The Democratic Labor Party () was a progressive and nationalist political party in South Korea. It was founded in January 2000, in the effort to create a political wing for the Korean Confederation of Trade Unions and was considered more left-wing and more independent of the two union federations in South Korea. Its party president was Kwon Young-gil, Kang Gi-gap, and Lee Jung-hee. In December 2011, the party merged into the Unified Progressive Party.

In the South Korean political history, DLP considered as the ancestor of all of modern day left-leaning political parties such as Justice Party and Progressive Party.

History 
The party gained 10 seats in the National Assembly for the first time in the 2004 parliamentary election, making it the first major left-wing party to enter the Assembly.

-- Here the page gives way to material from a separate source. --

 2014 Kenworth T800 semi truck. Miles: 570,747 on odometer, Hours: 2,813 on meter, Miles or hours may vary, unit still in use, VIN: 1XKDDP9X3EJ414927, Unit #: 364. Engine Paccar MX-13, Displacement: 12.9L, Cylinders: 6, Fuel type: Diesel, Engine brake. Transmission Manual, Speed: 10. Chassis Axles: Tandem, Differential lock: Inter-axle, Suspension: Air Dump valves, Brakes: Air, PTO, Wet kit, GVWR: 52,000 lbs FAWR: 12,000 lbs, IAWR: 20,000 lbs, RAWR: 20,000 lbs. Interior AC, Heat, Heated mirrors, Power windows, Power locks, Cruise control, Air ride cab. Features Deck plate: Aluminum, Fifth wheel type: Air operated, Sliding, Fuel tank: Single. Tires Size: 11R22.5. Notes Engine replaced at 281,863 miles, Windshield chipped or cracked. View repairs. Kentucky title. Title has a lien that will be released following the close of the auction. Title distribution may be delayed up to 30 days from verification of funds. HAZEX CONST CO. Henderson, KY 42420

Before and during the 2007 presidential election, conflicts arose between the two main factions within the party. The "equality" or the "left" faction, represented by the People's Democracy group, stressed issues ranging from social welfare, civil liberties, and labor rights, and took an antagonistic position against ruling liberal Roh Moo-hyun government.

Against them, the "autonomy" faction, represented by the National Liberation group, emphasized anti-imperialist struggle and viewed Korean reunification to be a paramount goal. In contrast to the "left" faction, "autonomy" faction advocated "democratic coalition government" (민주연립정부) with the ruling Uri Party, and took a reconciliatory position towards Roh government.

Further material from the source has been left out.